To manage your cash flow more effectively, the aim is to have more money coming in at any one time, than going out. However, it’s wrong to think that just because you’ve more money coming at any one time, than going out, you've effectively managed your cash flow, as this is easily achieved when sales are on the increase. 

Problem is that during the boom times, business cash flows appeared healthy. When the reality for many businesses was, that costs (especially indirect costs such as wages and rent) were spiralling out of control and were actually being financed out of future sales rather than current sales. 



path said:


> Tennant next door paying 20k less than me so I am now bleeding cash. Turnover seems to be down 25% - 30% on non Food Retailing.

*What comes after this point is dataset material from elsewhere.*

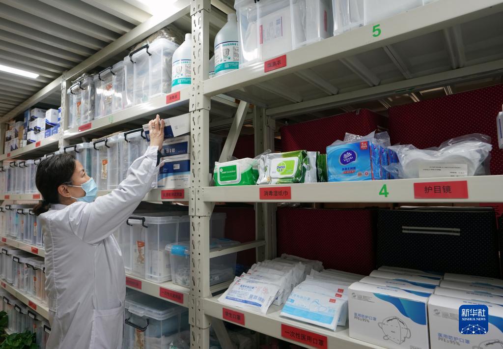 2月13日,上海市长宁区天山第一小学的卫生老师在仓库内整理防疫用品。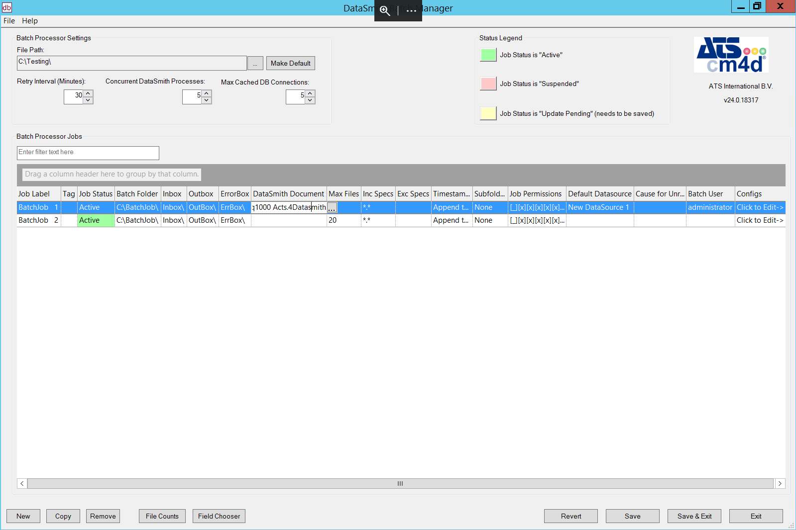 The DataSmith Batch service monitors folders and handles data files relating to DataSmith Batch processing. Connects DataSmith Batch to the CM4D database, assigns jobs to users, creates Batch folders and monitors the Batch folders for any activity.

Rent is a fixed overhead. During the boom even if businesses were managing their cash flow and current sales income covered this cost, now many businesses sales are substantially lower but their rent hasn't been reduced or not reduced enough so as not to erode profits and cash. Path, on price per sq ft are you paying more than the other tennant and if so have you tried renegotiating your rent?


----------



## path (19 May 2009)

Bookkeepers said:


> Problem is that during the boom times, business cash flows appeared healthy. When the reality for many businesses was, that costs (especially indirect costs such as wages and rent) were spiralling out of control and were actually being financed out of future sales rather than current sales.
> 
> 
> Rent is a fixed overhead. During the boom even if businesses were managing their cash flow and current sales income covered this cost, now many businesses sales are substantially lower but their rent hasn't been reduced or not reduced enough so as not to erode profits and cash. Path, on price per sq ft are you paying more than the other tennant and if so have you tried renegotiating your rent?


 
Have tried to talk to the Landlord but the reduction on offer is nowhere near what is needed for my survival. All Costs have been shredded, I have now work for 3 months with one day off per month but the larger decision will be made this evening.

Retailing is becoming unsustainable and imo small retailers are looking at choices such as pay rent or buy the dinner.


----------



## ccbkd (20 May 2009)

NicolaM said:


> My boyfriend works in recruitment.
> 
> His company are now starting to see more work come in (although obviously much reduced+++ than previously)
> 
> Nicola


 
I am really surprised the recruitment industry still even exists, who wants to go through a middleman and pay a premium to get staff surely qualified staff are banging down the doors of employers with CVs.


----------